DATA EXCERPTS:
((
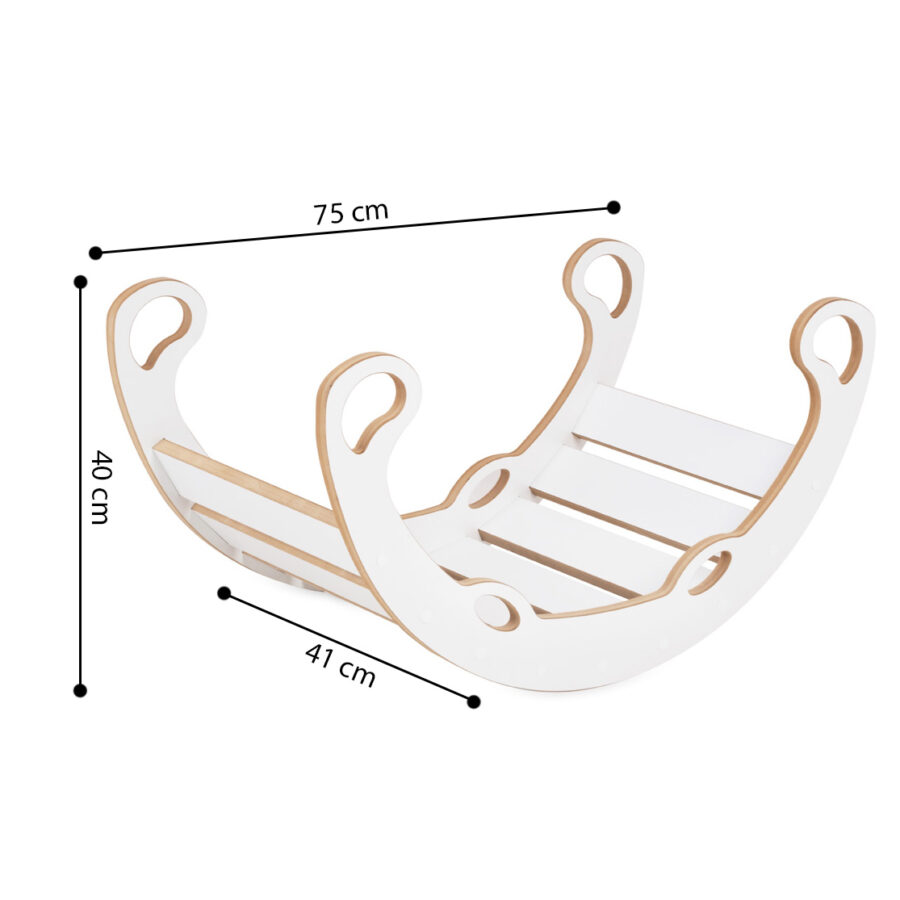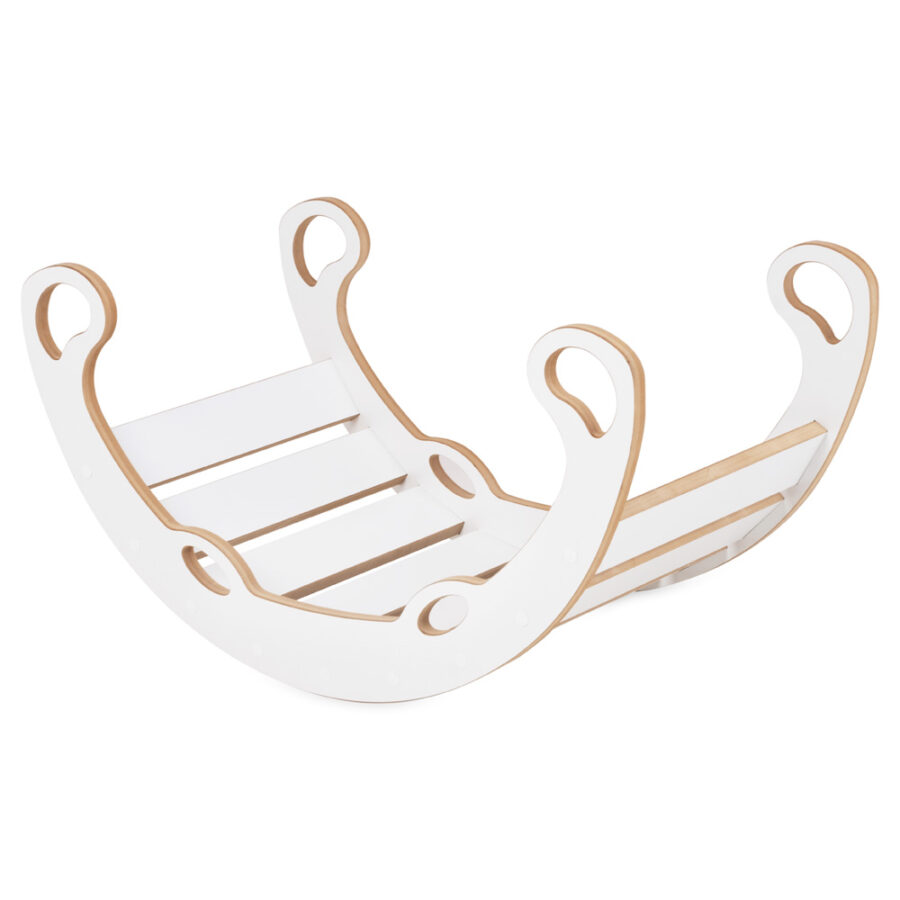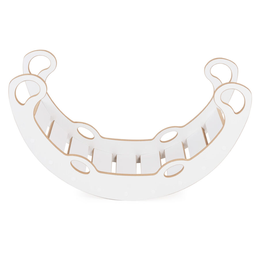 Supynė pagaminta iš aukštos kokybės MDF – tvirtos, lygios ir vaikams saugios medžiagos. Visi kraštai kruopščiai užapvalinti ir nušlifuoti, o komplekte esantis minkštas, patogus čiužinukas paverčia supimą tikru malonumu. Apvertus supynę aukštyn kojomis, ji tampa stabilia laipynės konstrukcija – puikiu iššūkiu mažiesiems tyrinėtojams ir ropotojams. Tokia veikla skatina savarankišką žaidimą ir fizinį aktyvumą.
))
((
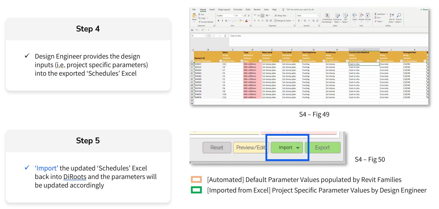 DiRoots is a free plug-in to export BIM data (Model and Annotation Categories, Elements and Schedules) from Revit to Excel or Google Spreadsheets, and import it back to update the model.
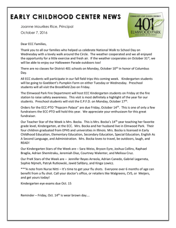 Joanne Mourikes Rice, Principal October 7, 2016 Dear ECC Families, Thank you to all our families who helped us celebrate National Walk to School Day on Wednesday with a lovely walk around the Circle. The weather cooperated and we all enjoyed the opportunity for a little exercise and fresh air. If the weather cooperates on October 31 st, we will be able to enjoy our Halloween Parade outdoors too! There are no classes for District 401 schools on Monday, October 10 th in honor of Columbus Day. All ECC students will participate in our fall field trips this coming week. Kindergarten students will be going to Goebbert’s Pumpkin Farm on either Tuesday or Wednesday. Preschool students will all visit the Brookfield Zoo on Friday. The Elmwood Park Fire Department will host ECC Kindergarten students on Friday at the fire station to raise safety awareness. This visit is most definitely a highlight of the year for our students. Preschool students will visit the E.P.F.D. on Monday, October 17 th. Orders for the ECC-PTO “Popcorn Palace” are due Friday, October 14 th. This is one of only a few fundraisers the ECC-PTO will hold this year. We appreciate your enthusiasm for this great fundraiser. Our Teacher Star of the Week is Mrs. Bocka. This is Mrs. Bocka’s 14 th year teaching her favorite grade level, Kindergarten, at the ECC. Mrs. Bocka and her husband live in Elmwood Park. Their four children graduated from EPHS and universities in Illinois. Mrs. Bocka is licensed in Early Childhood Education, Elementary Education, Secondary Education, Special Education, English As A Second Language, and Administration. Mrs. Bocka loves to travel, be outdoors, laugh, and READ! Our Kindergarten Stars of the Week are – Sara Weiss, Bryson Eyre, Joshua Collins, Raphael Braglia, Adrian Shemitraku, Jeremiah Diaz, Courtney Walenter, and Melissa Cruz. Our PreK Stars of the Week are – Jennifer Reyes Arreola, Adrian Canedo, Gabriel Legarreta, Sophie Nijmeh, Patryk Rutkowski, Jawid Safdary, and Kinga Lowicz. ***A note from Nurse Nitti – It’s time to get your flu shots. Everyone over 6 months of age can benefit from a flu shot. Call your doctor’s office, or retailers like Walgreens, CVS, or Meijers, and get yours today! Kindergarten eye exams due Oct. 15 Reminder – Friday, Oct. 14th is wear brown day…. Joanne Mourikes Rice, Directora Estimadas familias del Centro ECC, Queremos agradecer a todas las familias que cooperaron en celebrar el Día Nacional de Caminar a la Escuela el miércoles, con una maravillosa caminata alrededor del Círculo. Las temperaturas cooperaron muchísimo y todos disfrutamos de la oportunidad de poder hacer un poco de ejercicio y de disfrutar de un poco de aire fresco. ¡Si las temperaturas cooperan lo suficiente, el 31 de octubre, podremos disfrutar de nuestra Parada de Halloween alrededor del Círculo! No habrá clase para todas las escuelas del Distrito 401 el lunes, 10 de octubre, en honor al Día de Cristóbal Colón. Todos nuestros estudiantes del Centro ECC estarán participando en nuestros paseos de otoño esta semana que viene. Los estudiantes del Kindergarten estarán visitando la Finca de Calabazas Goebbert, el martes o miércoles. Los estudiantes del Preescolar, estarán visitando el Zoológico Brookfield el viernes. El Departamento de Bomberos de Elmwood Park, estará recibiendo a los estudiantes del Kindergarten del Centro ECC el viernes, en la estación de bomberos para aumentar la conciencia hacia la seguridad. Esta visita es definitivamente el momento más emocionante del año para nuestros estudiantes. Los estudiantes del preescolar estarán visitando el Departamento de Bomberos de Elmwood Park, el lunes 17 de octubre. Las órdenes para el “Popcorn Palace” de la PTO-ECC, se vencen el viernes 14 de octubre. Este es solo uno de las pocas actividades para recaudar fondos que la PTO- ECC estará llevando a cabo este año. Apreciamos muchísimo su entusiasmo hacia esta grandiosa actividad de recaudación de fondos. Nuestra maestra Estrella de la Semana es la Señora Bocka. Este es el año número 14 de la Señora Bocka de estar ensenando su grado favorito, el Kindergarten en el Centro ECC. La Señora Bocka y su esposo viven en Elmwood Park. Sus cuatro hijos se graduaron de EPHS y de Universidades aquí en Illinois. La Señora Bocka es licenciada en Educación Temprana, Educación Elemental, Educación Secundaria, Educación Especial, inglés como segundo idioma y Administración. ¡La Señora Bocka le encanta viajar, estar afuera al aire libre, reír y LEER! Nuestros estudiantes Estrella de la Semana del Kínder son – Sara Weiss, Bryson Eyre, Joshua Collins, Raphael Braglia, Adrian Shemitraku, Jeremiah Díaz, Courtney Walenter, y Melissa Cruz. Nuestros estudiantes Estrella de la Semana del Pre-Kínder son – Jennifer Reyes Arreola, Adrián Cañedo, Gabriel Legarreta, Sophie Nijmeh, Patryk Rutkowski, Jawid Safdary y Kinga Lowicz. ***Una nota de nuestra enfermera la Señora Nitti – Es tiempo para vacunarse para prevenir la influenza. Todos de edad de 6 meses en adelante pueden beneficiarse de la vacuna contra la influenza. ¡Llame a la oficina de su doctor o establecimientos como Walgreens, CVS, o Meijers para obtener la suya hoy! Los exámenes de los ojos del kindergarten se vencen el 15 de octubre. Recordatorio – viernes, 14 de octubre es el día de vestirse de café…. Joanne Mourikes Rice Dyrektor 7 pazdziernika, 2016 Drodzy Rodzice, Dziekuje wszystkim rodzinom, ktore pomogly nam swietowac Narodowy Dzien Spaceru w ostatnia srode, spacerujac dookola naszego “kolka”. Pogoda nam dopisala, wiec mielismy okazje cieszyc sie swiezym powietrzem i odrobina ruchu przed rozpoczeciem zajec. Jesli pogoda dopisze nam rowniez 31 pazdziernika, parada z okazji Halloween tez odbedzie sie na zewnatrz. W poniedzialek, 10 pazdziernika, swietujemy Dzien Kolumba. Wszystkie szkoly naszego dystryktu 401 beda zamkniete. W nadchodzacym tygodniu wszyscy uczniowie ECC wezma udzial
))
((
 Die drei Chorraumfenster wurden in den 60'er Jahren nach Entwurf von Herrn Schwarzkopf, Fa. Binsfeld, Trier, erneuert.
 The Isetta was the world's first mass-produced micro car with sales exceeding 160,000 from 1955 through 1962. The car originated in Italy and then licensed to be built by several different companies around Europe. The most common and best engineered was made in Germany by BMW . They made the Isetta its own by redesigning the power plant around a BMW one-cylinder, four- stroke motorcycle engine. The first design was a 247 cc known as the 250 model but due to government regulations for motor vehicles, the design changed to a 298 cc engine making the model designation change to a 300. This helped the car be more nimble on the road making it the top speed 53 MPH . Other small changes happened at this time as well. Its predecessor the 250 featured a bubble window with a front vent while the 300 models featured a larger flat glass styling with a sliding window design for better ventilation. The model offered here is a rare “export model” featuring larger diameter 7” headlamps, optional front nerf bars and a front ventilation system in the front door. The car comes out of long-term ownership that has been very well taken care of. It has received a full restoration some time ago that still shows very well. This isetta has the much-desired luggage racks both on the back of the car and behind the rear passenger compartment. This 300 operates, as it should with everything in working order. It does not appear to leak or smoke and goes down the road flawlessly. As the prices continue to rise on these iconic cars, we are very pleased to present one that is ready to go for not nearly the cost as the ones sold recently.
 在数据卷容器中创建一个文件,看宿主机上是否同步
))
Output the lines above exactly, but only those between the line holding "Die drei Chorraumfenster" and the line holding "在数据卷容器中创建一个文件,看宿主机上是否同步", inclusive.

 Die drei Chorraumfenster wurden in den 60'er Jahren nach Entwurf von Herrn Schwarzkopf, Fa. Binsfeld, Trier, erneuert.
 The Isetta was the world's first mass-produced micro car with sales exceeding 160,000 from 1955 through 1962. The car originated in Italy and then licensed to be built by several different companies around Europe. The most common and best engineered was made in Germany by BMW . They made the Isetta its own by redesigning the power plant around a BMW one-cylinder, four- stroke motorcycle engine. The first design was a 247 cc known as the 250 model but due to government regulations for motor vehicles, the design changed to a 298 cc engine making the model designation change to a 300. This helped the car be more nimble on the road making it the top speed 53 MPH . Other small changes happened at this time as well. Its predecessor the 250 featured a bubble window with a front vent while the 300 models featured a larger flat glass styling with a sliding window design for better ventilation. The model offered here is a rare “export model” featuring larger diameter 7” headlamps, optional front nerf bars and a front ventilation system in the front door. The car comes out of long-term ownership that has been very well taken care of. It has received a full restoration some time ago that still shows very well. This isetta has the much-desired luggage racks both on the back of the car and behind the rear passenger compartment. This 300 operates, as it should with everything in working order. It does not appear to leak or smoke and goes down the road flawlessly. As the prices continue to rise on these iconic cars, we are very pleased to present one that is ready to go for not nearly the cost as the ones sold recently.
 在数据卷容器中创建一个文件,看宿主机上是否同步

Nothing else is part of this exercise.